How Open Source Took Over
Open-source code shows up everywhere — from household-name apps to military software. So what happens in open-source spaces affects the technology industry as a whole.
But that wasn’t always the case. To gain mainstream acceptance, free software advocates fought a long battle against corporate interests, finally establishing open source as the cutting edge of software development. (Consider: Microsoft, once one of free software’s staunchest opponents, now owns GitHub, the primary platform for open-source development.)
To win that uphill battle, free software trailblazers relied on a few de facto values.
One was meritocracy: May the best code win. This attitude pushed projects forward quickly, leading to indispensable software like the Linux kernel, which powers operating systems around the world.
Another was neutrality. Technological historian Melvin Kranzberg’s first law of technology states: “Technology is neither good nor bad; nor is it neutral.” Free software took a less nuanced approach, placing no limitations on the types of software its contributors could create, or how that software could be used. From a moral standpoint, technology was treated as neutral.
A third was volunteerism. Open-source contributors usually aren’t paid for their work. Many contributors add to projects as part of their day jobs. Some work for the enterprise arms of open-source projects. Others are there purely out of interest in the technology or a desire to build their resumes.
In the past few years, however, open source saw a series of shake-ups that called these values into question.
In 2018, for instance, Amazon Web Services added MongoDB, an open-source database project, to its suite of product offerings. MongoDB didn’t make any money from this addition. So, the project changed its license in an attempt to require Amazon to open-source the code for the rest of its services.
A few months later, AWS unveiled Amazon DocumentDB, a program similar to MongoDB but built with AWS code.
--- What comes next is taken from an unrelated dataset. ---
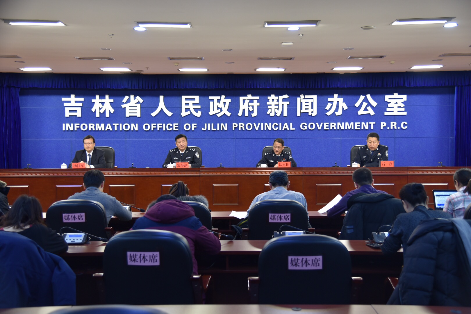 吉林省政府新闻办于2019年1月23日(星期三)上午10时在省政务大厅新闻发布厅召开新闻发布会,吉林省公安厅副厅长黎海滨介绍了相关情况,吉林省公安厅刑侦局局长岳喜田、吉林省公安厅刑侦局有组织犯罪侦查队政委石磊出席了发布会并回答了记者提问。中国新闻社、香港大公报、法制日报、北方法制报、吉林电视台、吉林广播电视台、吉林日报等15家媒体近20名记者参会。吉林省政府新闻办新闻发布处处长杨红军主持了本场新闻发布会。

DocumentDB implements the open-source MongoDB API and is designed to “emulate the responses that a MongoDB client expects from a MongoDB server,” according to the AWS website.
This didn’t sit well with MongoDB owners who wanted a slice of the financial pie, nor with the contributors who watched the project shift toward a more proprietary license without consulting them or setting up a remuneration plan.
“It made me feel like there was something to this, that the creators of software are disempowered when it comes to how their software will be used.”
In 2019, tech writer Shanley Kane uncovered a $100,000 contract between software automation company Chef and U.S. Immigration and Customs Enforcement (ICE). After seeing Kane’s tweet about the contract, Seth Vargo, a former Chef employee and author of several related open-source libraries, deleted his code in protest. Vargo, presumably, did not feel neutral about ICE’s policies and practices, and he wanted control over how his code was used.
For Ehmke, Vargo’s reaction spoke to a broader sentiment.
“It made me feel like there was something to this, that the creators of software are disempowered when it comes to how their software will be used,” Ehmke told Built In. “I saw that as a problem.”
So, she wrote the Hippocratic license, a software license that prohibits the use of programs for human rights abuses under the United Nations Universal Declaration of Human Rights.
The license was not ready, nor intended, to be adopted in its first form, Ehmke said. Rather, it was meant to serve as a “lightning rod” to start conversations about the intersection of software and social justice.
And it did. A few months later, Ehmke started the Ethical Source working group, which now has more than 150 members. The group worked with a legal team to legitimize the Hippocratic license, currently in version 2.1, and began advocating for its adoption. It also put forth a seven-point Ethical Source definition, which addresses issues like user safety and contributor compensation.
Objections to Ethical Source...
Ehmke is no stranger to controversy — her Contributor Covenant, a document laying out the boundaries of acceptable behavior for open-source contributors, had plenty of detractors. (It’s now been adopted by hundreds of thousands of open-source projects.)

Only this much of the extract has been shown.